The trust said that the solution implemented had exceeded expectations, and now 66% of patients view their letters online. They also noted that the project has resulted in savings greater than £100k.

Connecting Care

Jocelyn Palmer, Connecting Care programme lead, is to join NHSX to work on shared care records and interoperability.

In June 2020, Jocelyn shared with HTN how the Connecting Care shared care record supported the response to COVID-19 in and around Bristol.

BBSTEM Bridge Mentoring Scheme ready to pair students with professionals

The Black British Professionals in STEM (BBSTEM) Bridge Mentoring Scheme is now open to applications for its April 2021 cohort. The Medical Research Council-sponsored voluntary scheme links up Black British STEM students with STEM professionals. It provides the opportunity for mentors to share experiences, tips, support, guidance and career insights through email, phone calls or video chats, while students can ask for advice and use the scheme to help them prepare for life after university.

Each cohort runs for six months, with the expectation that mentors undergo a training webinar and meet with mentees at least once per month. If interested in becoming a mentor or mentee in the March intake, you must sign up to become a member.

Suffrage Science Podcast to launch on International Women’s Day

The new Suffrage Science Podcast is set to launch on 8 March 2021, the date of International Women’s Day.

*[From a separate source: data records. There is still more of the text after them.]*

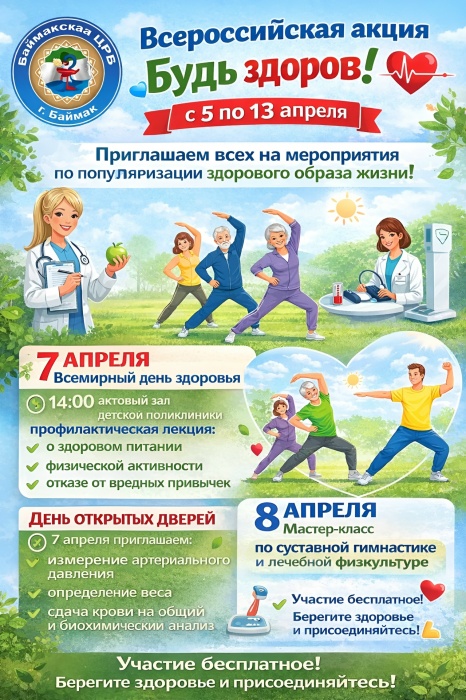 Всероссийская акция «Будь здоров!» в Баймакской ЦРБС 5 по 13 апреля в Баймакской центральной районной больнице проходит Всероссийская акция «Будь здоров!», направленная на популяризацию физической активности и здорового образа жизни.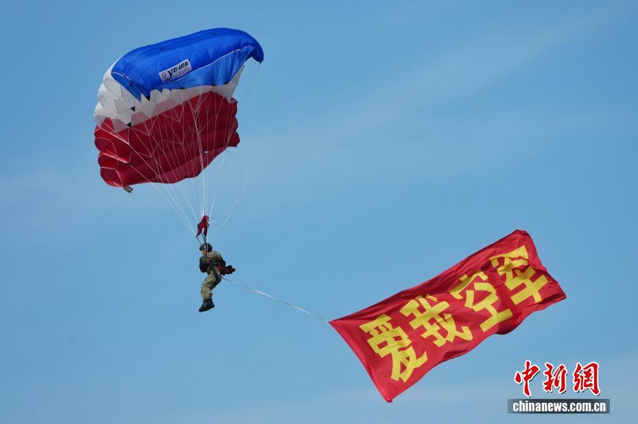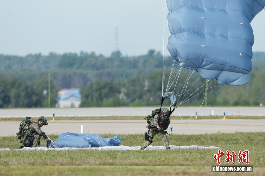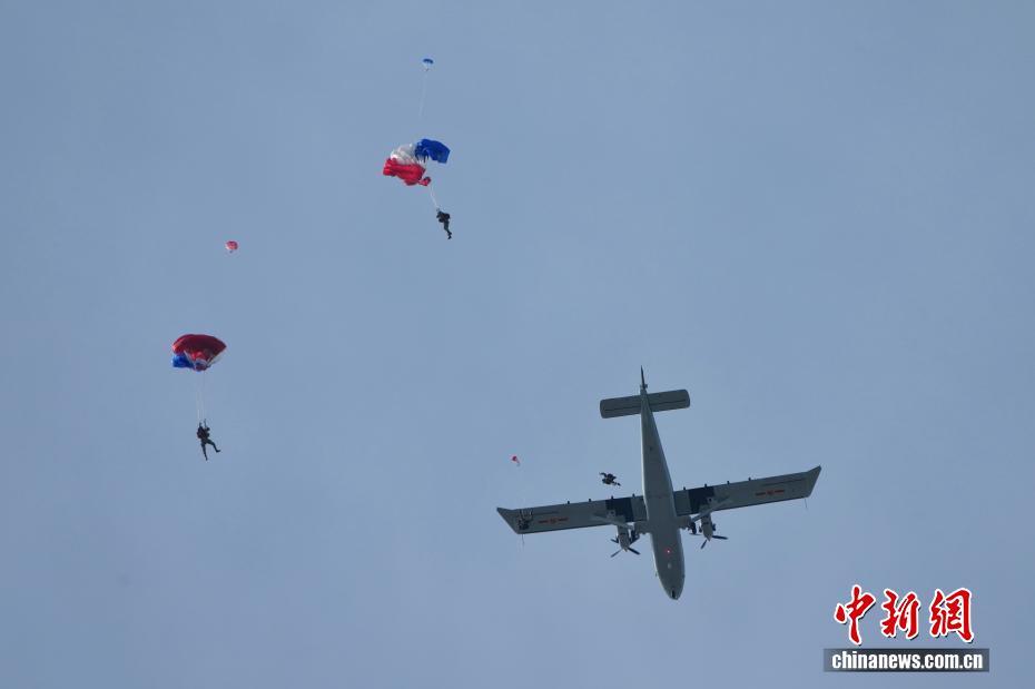 9月19日,2025空軍航空開放活動和長春航空展在吉林長春開幕。圖為空降兵傘降投送展示。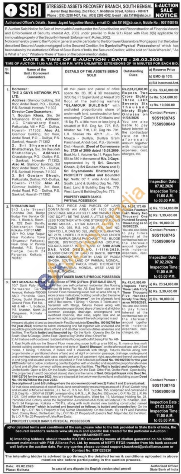 All that piece and parcel of office space No. 38, 3C & 3D measuring 3200 Sq. Ft. Super Build up Area at 3rd floor of the building namely "GLAMOUR BUILDING with undivided proportionate share of underneath land, constructed on land measuring 7 Cottahs 9 Chittacks and 15 Sq. Ft. a little more or less lying & situated at R.S. Dag No. 775, RS. Khatian No. 718, L.R. Dag No. 791, L.R. Khatian No. 421/1, JL- 35, Mouza Duillya, Duillya Gram Panchayat, Andul road, P.S.-Sankrail, Dist.-Howrah (Deed of Conveyance No. 3720 of 2009 dated 15.09.2009, Book No. 1. Volume No. 11. Pages from 554 to 580 in the name of M/s. 3 Guys, represented by 1) Sri. Goutam Ghosh, 2) Sri Goutam Khara and 3) Sri Shyamalendu Bhattacharya). PROPERTY Butted and Bounded by: North: 50° ft. wide Andul Road, South: Land & Building Dag No. 760, East: Land & Building Dag No. 779, West: Land & Building Dag No. 773.
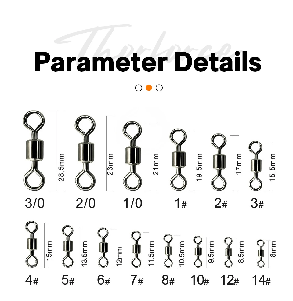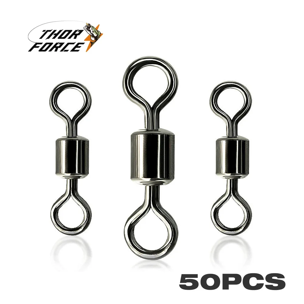 THORFORCE 50 Uds conector de pesca giratorio anillo sólido señuelos anzuelos de pesca de acero inoxidable herramienta de accesorios de rodamiento de barril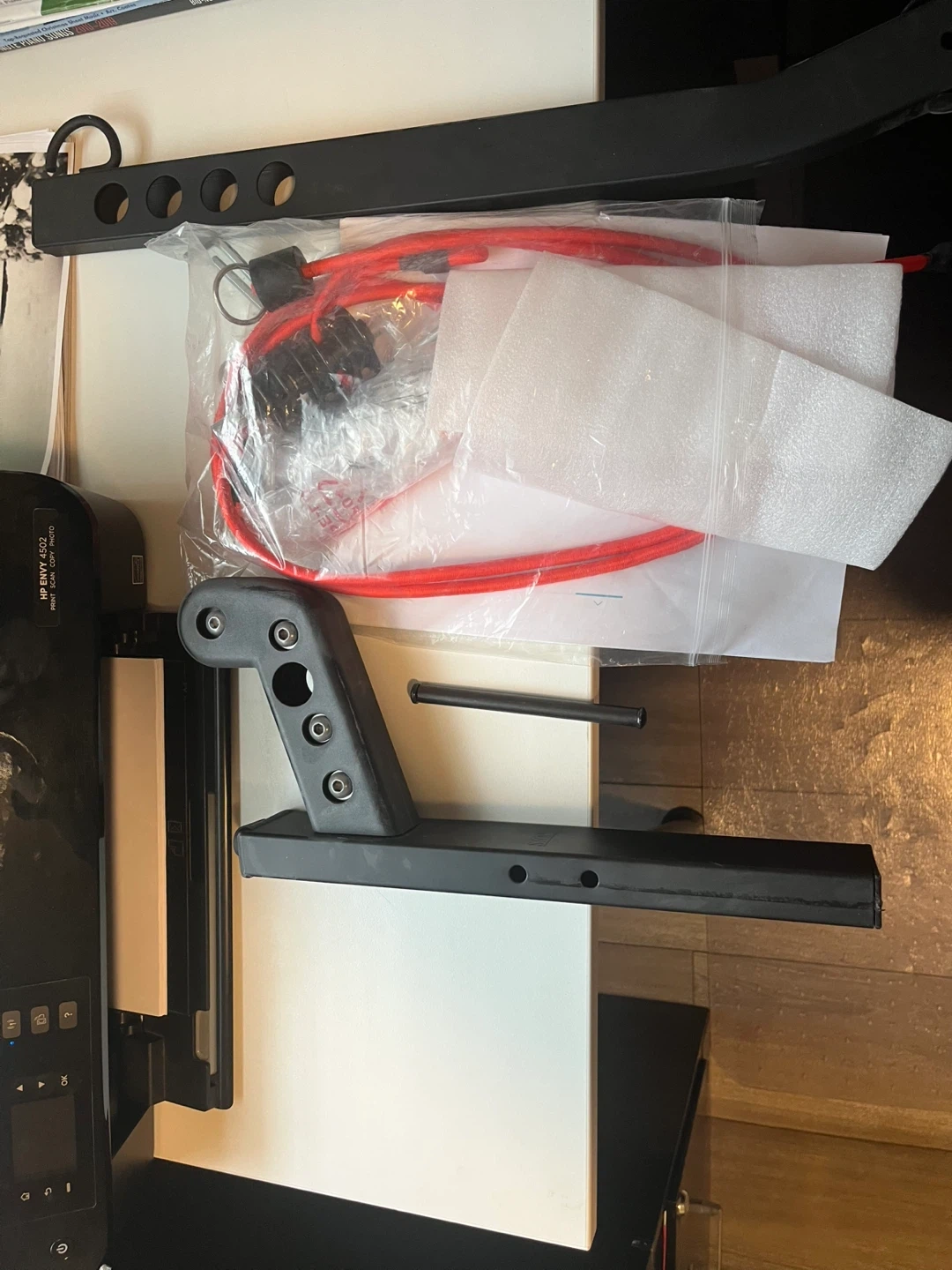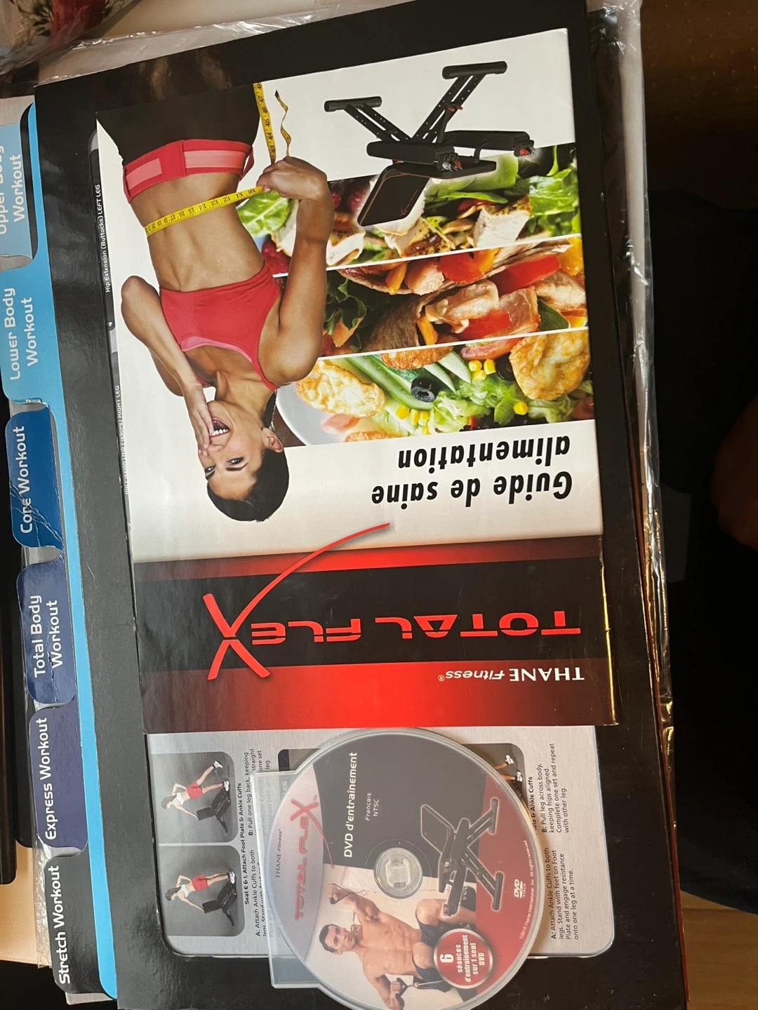This Total Flex by Thane Fitness is a home gym machine designed for a full body workout. It comes with a workout DVD and user guide. The machine is black with red accents. It's suitable for a variety of exercises targeting different muscle groups.

The podcast, hosted by Dr Kat Arney, will cover how women are changing science, as well as progress and challenges related to the journeys of women in science. Content is set to include conversations with scientific leaders and Suffrage Science award winners from the past decade.

Produced by First Create The Media, audio production is by Georgia Mills for the MRC London Institute of Medical Sciences Suffrage Science scheme. As well as listening to the launch on the day,  you can subscribe in advance via Podbean, Spotify or Apple Podcasts.

Bristol University creates new patient monitoring system to help staff in ICU

University Hospitals Bristol and Weston NHS Foundation Trust partnered with Bristol University to create a new data monitoring system to help staff working in intensive care.

The system, a clinical data dashboard, has been in use across the trust for the past six months. The data dashboard enables clinical staff to use visual graphics to monitor patients alongside trends. Monitoring patient data collates data from existing clinical information systems and presents it in an accessible form, allowing clinicians to view details as required, whether taking an overview of all patients across multiple wards, or filtering results per ward or physiological parameter, through to detailed views of individual patients.

On the back of the success of the new system, the University of Bristol has committed new research funding, in the shape of a new award named the ‘Artificial Intelligence in Health and Care Award’.

Dr McWilliams, from the Department of Engineering Mathematics, said: “We will be using a similar software architecture to deliver algorithmic decision support to clinicians at the point of care. What we have learned during this COVID-19 response project will inform at lot of that work.”

Quinten launches global, integrated analytical services and tools development

AI tech company Quinten has now launched Quinten Health, a global and integrated analytical services and tools development offer.

The Quinten Health team are currently working in areas such as precision oncology solutions, universal and RGPD-compliant hospital data networks and NLP-based medical literature analysis.

The suite of technologies will enable:

  • earlier and better diagnosis of rare diseases
  • drug responders profiling
  • weak safety signals identification
  • optimal and precision treatment pathways
  • augmenting medical decisions at the point of care.

Dr Alexandre Templier, President and Co-founder of the Quinten group, said: “While healthcare has been the major focus for Quinten so far, it was time to gear up and specialise as a genuine HealthTech company, serving and promoting synergies between drug developers, care providers and public health decision makers through artificial intelligence and machine learning solutions developed with and for them.”